TROIS OUVRIERS AU NOIR
Sur ordre du juge d’instruction André Piller, elles ont donc procédé à des perquisitions. Et affirment avoir saisi «de grandes quantités» de produits à base de chanvre (fleurs, thé, substitut de tabac), ainsi que des plants séchés. Des échantillons ont également été prélevés dans les champs. Enfin, parmi les personnes contrôlées, trois n’ont pas été en mesure de présenter un permis de travail en règle. Inatteignable hier, le juge d’instruction a ordonné la cessation des activités de l’exploitation. Le magasin (lire ci-dessous), le stock, les locaux de production et les bureaux ont été mis sous scellés.


Pour André Fürst et ses employés, la source de leurs problèmes semble évidente: une bisbille entre les défenseurs de la plante cannabacée («La Liberté» du 30 juillet). Jean-Pierre Egger, président de l’Association suisse des amis du chanvre (ASAC), avait dénoncé le promoteur de Chanvre-Info, l’accusant de détenir de la teinture de chanvre tombant sous le coup de la loi sur les stupéfiants. André Fürst avait été dénoncé à la police fin juillet.

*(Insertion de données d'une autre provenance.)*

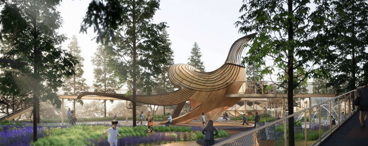 项目西侧规划秦文化主题中轴公园,规划设计文化走廊、国潮运动场、玄鸟奇境、绿野草坪、秦风广场等组团节点,打造移步异景归家路。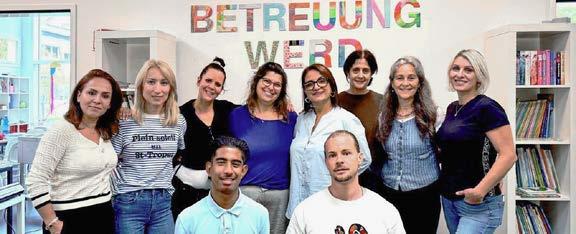 Patrizia Sardignolo (Mitarbeiterin Küche), Nicole Hänggi (Gruppenleiterin), Ida Butrico (Mitarbeiterin Küche), Blanka Giardino (Mitarbeiterin), Damir Paratusic (Mitarbeiter), Erza Selimi (Gruppenleiterin) Katarina Krilova (Mitarbeiterin), Merita Hasani (Mitarbeiterin), unten: Aaron Hawkins (Gruppenleiter), Carla Bosendju (FaBe). Nicht auf dem Bild: Emily Douglas (Mitarbeiterin) und Mejreme Bajrami (Mitarbeiterin).

Aux yeux de Kurt Buchmann, mandaté par Chanvre-Info pour les relations publiques, ces saisies relèvent d’un paradoxe total: «La police passait environ une fois par semaine à la ferme. Pour se renseigner et pour effectuer certaines vérifications. Il y avait une espèce de collaboration», raconte-t-il. «André Fürst a des employés chargés de la sécurité. Un temps, ils attrapaient jusqu’à trois personnes par nuit qui tentaient de voler dans nos champs. Et ils étaient chargés de les dénoncer à la police. Depuis que les magasins de chanvre ont fermé en ville, c’est monnaie courante.»


Le commerce d’André Fürst, également à l’origine d’Expo-Chanvre, une manifestation destinée à informer le public sur les bienfaits de la plante, est pour l’instant fermé. «La seule chose qui m’ennuie, c’est que mes vingt employés sont au chômage technique. Et que les saisies risquent de reprendre chez les agriculteurs chanvriers. Mais nous poursuivrons nos activités. On peut toujours se tourner vers les cantons de Berne ou du Valais», lance le patron.


«L’argent ne m’intéresse pas. Si je dois faire de la prison, j’en ferai. De toute façon, il y a des dizaines de personnes qui peuvent reprendre le relais pour mener ce combat. Et si actuellement nous ne pouvons pas travailler dans la ferme de Morat, nous continuerons d’accueillir le public dans la cour.